Cloud providers are not an ideal solution for long-term growth, however. They create significant lock-in, which can create headaches if a product is ever deprecated or becomes prohibitively expensive. Cost is another major concern, especially for very large organizations. Compute resources are a very cost-competitive area, so the profit margins are small. Instead, the cloud service providers justify their value through services and APIs.
The costs can add up quickly, and the bureaucratic world of enterprise procurement means that you may end up paying more for an inferior product with a preferred vendor than you could otherwise get. There’s certainly a value argument for cloud services in some contexts. However, as costs continue to increase, it will become less justifiable for many organizations.
Internal abstractions
Internal abstractions provide value when a company has many different products being developed or is in a regulated environment. These abstractions can be better tailored for specific business constraints, creating a better developer experience. However, they require much greater investment than open-source or cloud solutions.

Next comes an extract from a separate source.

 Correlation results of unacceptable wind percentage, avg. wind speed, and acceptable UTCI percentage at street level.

A good use of internal abstractions is as a wrapper around trusted open-source libraries. With this approach, there can be both a well-tested Open Source library and additional opportunities for security engineering teams to funnel data flow and add their own controls. The developer experience for the wrapper libraries is likely better than that of the core library.
Code reviews
Automated and manual code reviews are an important step for software security. As part of the merge approval process, reviewers should look for functions that may be generalizable but were instead put inline. Extra concern should be given to inline, high-risk functionality that is repeated in multiple parts of the codebase (such as database queries).

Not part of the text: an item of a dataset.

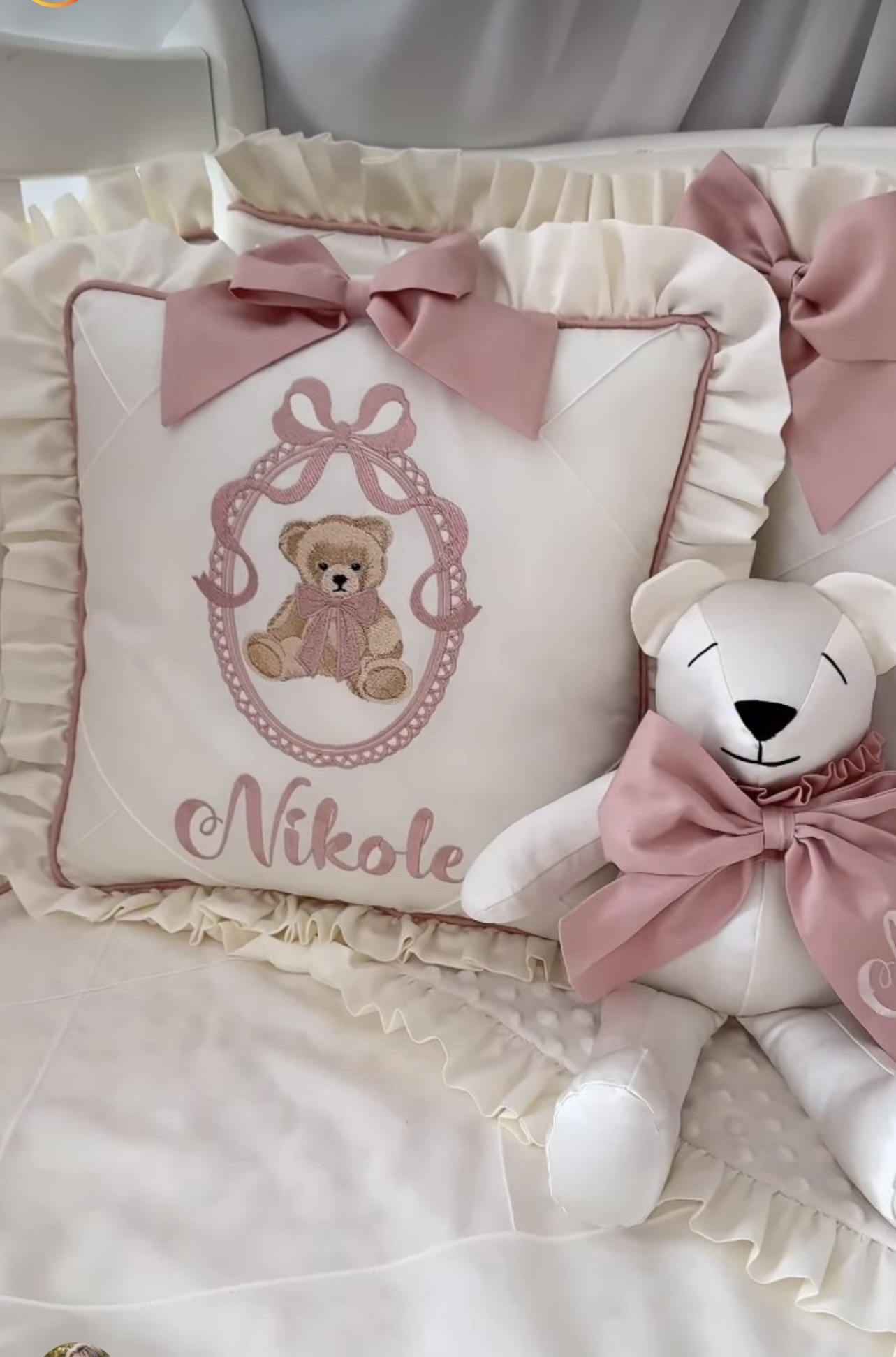 Unsere Deko-Kissen in Naturweiß und Altrosa mit Exklusive Bär Stickerei sind die perfekte Ergänzung für Ihr Zuhause. Stilvoll, gemütlich und ein echter Hingucker!

Security-oriented generative AI
I don’t pretend to understand how generative AI works. However, since there are security-oriented partners dominating the industry (Microsoft and Google), code generation could be pushed to emphasize strong security practices and permissive licenses.
In short tests, ChatGPT and Google Bard tend to output highly insecure results, but radically increase security when adding “securely” to the prompt. For example, in a test of ASP.NET code, adding “securely” shifted from raw string concatenation in SQL queries to language-specific SQL construction functions that have built-in sanitization.)

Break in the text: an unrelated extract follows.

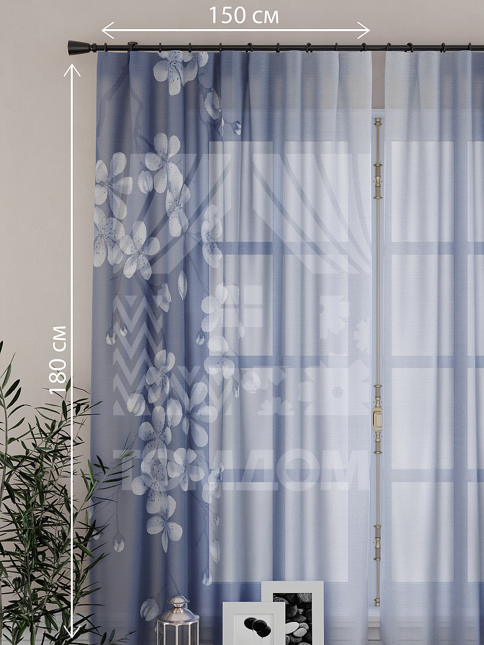 Ширина одного тюля без сборки 150 см, высота 180 см.
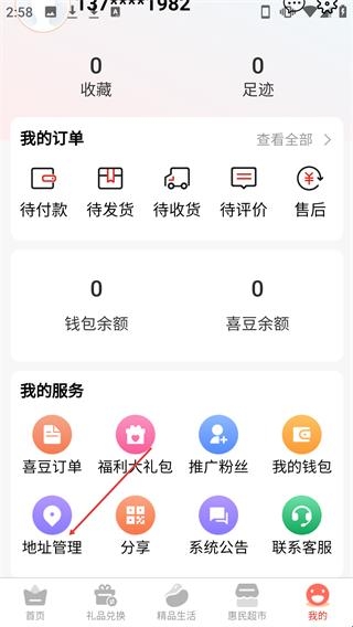 2、在【我的】页面,点击【地址管理】选项可进入地址管理页面。

They should also place heavier weights for training on large, permissively-licensed projects. Much of the problem with shadow source is that the code provided has not been tested and the licensing is unclear. Licensing for AI generation is still unclear (and sources like blogs and forums don’t help,) but tracking attribution and prioritizing permissive licensing would help as the licensing issues get resolved in courts.
What’s next
Shadow source code is pervasive in online forums and will continue to grow with generative AI. The mainstream adoption of generative AI will make it easier to produce poorly structured and written code, leading to much more vulnerable applications and lengthening remediation. As maintaining poor codebases becomes easier, teams will need to be more intentional about adhering to best practices.
The best way to encourage best practices is to make the most secure path also the path of least effort for developers, leading to the natural adoption of best practices.